Сцепились еще два деда, словно кобели на свалке. Трясли измызганными суковатыми костылями, матерно хрипели, дело уже доходило до грудков. Панька Гнида науськивал, хохотал на весь общий двор. Диво, оба драчуна поддерживали Афоньку: стояли на том, чтобы не тянуть даром времени, закладывать лошадей и — с богом. Хоть она, жизнь, за плечами оставлена и немалая, но лишаться света в глазах прежде времени да еще от каких-то нехристей кому охота? Лучше помереть своей смертью…
Прекратили с появлением Сеньки. Вывернулся он на взмокревшей Искре со стороны балки, откуда никого не ждут.
— О! — Панька раскрыл рот. — Искра…
— Папаху зато оставил, — подмигнул Оська. Сенька спрыгнул с седла.

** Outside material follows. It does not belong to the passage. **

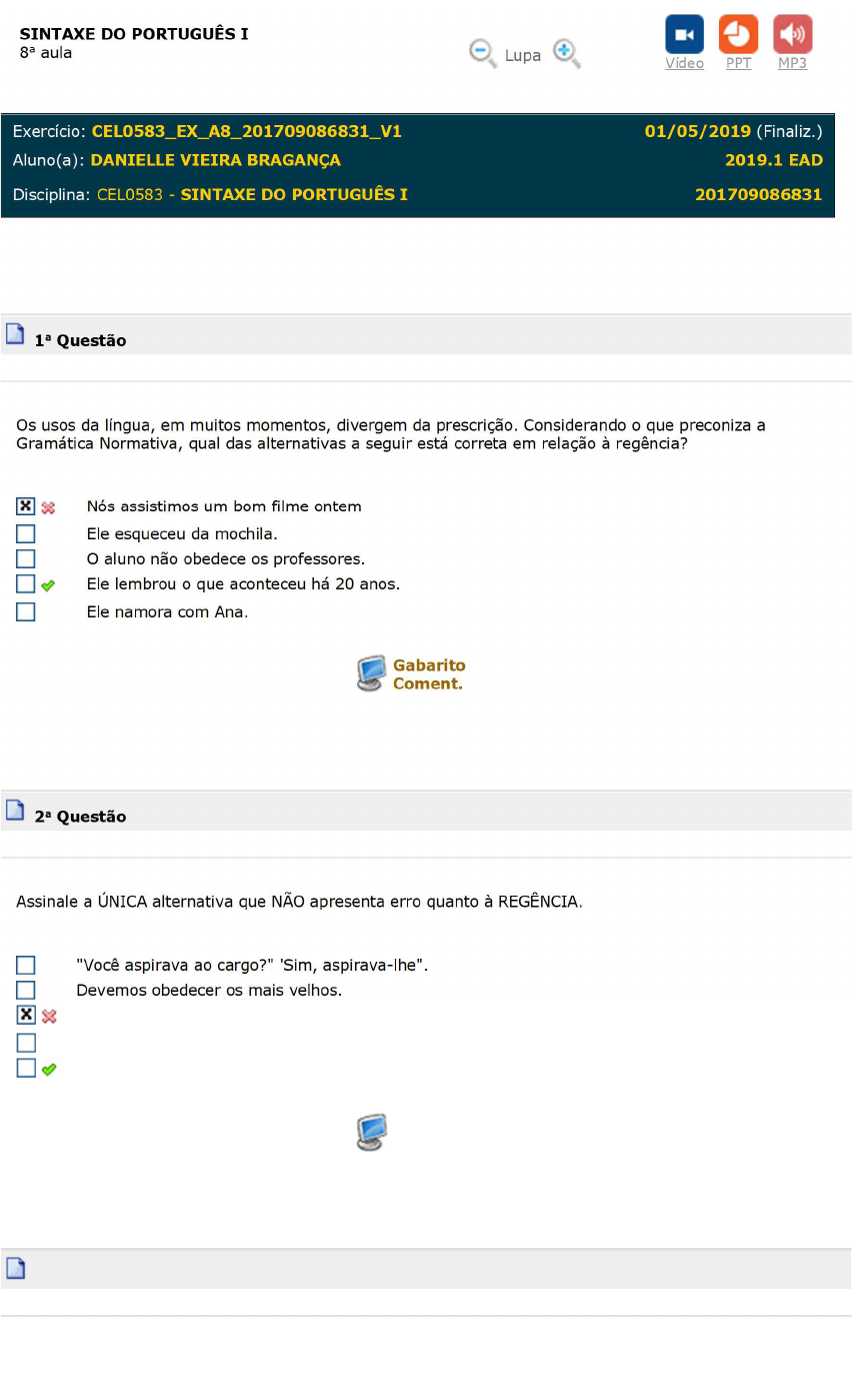 SINTAXE DO PORTUGUÊS I 8a aula Lupa Vídeo PPT MP3 Exercício: CEL0583_EX_A8_201709086831_V1 01/05/2019 (Finaliz.) Aluno(a): DANIELLE VIEIRA BRAGANÇA 2019.1 EAD Disciplina: CEL0583 - SINTAXE DO PORTUGUÊS I 201709086831 1a Questão Os usos da língua, em muitos momentos, divergem da prescrição. Considerando o que preconiza a Gramática Normativa, qual das alternativas a seguir está correta em relação à regência? Nós assistimos um bom filme ontem Ele esqueceu da mochila. O aluno não obedece os professores. Ele lembrou o que aconteceu há 20 anos. Ele namora com Ana. Gabarito Coment. 2a Questão Assinale a ÚNICA alternativa que NÃO apresenta erro quanto à REGÊNCIA. "Você aspirava ao cargo?" 'Sim, aspirava-lhe". Devemos obedecer os mais velhos. A greve geral não agradou os diretores. Marcelo namora com Ana. O residente de medicina assiste o médico da equipe na cirurgia. Gabarito Coment. 3a Questão Analise os enunciados: 1- A secretária do médico avisou os pacientes _____ alteração do horário da consulta. 2- O espetáculo de dança não agradou ______ público. 3- Ele amava _____ mãe. 4- Assiste _____ coordenador o dever de resolver o problema da turma. A alternativa que preenche, adequadamente, as lacunas desses enunciados é: a, o, à, ao. da, o, à, o. para, ao, à, o. a, para, a, o. da, ao, a, ao. Gabarito Coment. 4a Questão (UEL-1996. Retirado de http://projetomedicina.com.br/) Assinale a letra correspondente à alternativa que preenche corretamente as lacunas da frase apresentada. O debate .......... participaram os representantes dos trabalhadores foi muito interessante, motivo ......... serão convidados para participar de uma mesa-redonda. de que - que. que - que. que - pelo qual. de que - pelo qual. que - de que. Gabarito Coment. 5a Questão (UEL-1994. Retirado de http://projetomedicina.com.br/) Assinale a alternativa que preenche corretamente as lacunas da frase apresentada. A condição ............ não abrimos mão é que ................... todos se assegurem as mesmas vantagens. pela qual - com. em que - por. que - em. da qual - a. com que - entre. 6a Questão Das orações abaixo, assinale a única cujo verbo apresenta uma regência inovadora, que NÃO está em acordo com a prescrição. Ela assistiu ao filme no sábado. Já paguei ao pedreiro. A reforma implicou gastos extras. João namora com Maria. Evite gastar água. 7a Questão A regência verbal estuda a relação de dependência entre o verbo e os seus complementos e a necessidade da presença ou não da preposição. Considerando-se esse processo, qual das alternativas a seguir está INCORRETA no que diz respeito à regência verbal? Aquele é o médico de cuja palestra ninguém gostou. Esses são os livros de que a escola dispõe. Os bolos que compramos fizeram sucesso na festinha. Este é o professor a quem devo toda minha inspiração. Não há problema entre mim sair e você ficar em casa. Gabarito Coment. 8a Questão Analisando-se as alternativas a seguir e considerando-se as regras prescritas para a regência verbal, qual das alternativas a seguir está CORRETA? Aquele é o médico cuja palestra ninguém gostou. Não há problema entre eu sair e você ficar em casa. Este é o professor que devo toda minha inspiração. As demissões ocorreram depois do banco ter decretado falência. Esses são os documentos que a empresa dispõe.

— А арба с бричкой? — не утерпел Афонька. — Взяли?
— Брать некому, — буркнул Сенька, копаясь в подпругах. — Вот едут…
Атаман поднял глаз, разжал каменные челюсти
— Это как понимать?
— Удрали все. Еще вчерась. Не застали мы. Молча все переглянулись.
Завел Сенька Искру в конюшню; оттуда, из душной, пахнущей навозом темени, подкинул жару:
— Красные уже в станице. Когда отъезжали утром, обстрел зачали. Румыны там отступают. А наши, видать, из Зимников сунут. По бугру так… Наверно, танки.
Сенька вышел на свет.
— Не… трепись. — Гнида позеленел.
— Хлопцы вон едут рящанские да и дед Тимоха… Первым вскочил Афонька. Затоптался продрогшими ногами, как кочет на навозной куче. Светлая капелька под носом, набухая, раскачивалась и, отяжелев до предела, сорвалась. Заметил он ее поздно, хватил, будто рашпилем, сморщенным рукавом шубейки по пипке носа, подшмыгнул.
— Проваландали мы тута зазря…
Хотел еще что-то сказать, но отмахнулся и тяжелой трусцой подался в хутор. На мокром снегу оставалась за ним разлапистая, не понять, где право, где лево, цепочка следа. За ним увязалось еще двое.
Из-за крайней хаты, сопровождаемые лаем хуторских собак, вынеслось несколько подвод. Впереди — тачанка. На виду развернулись и во весь дух пошли сюда, на колхозный двор. Улюлюкая, горланя на собак, за подводами скакало до трех десятков верховых. Гармошку да ленты с бумажными цветами — свадьба, и только.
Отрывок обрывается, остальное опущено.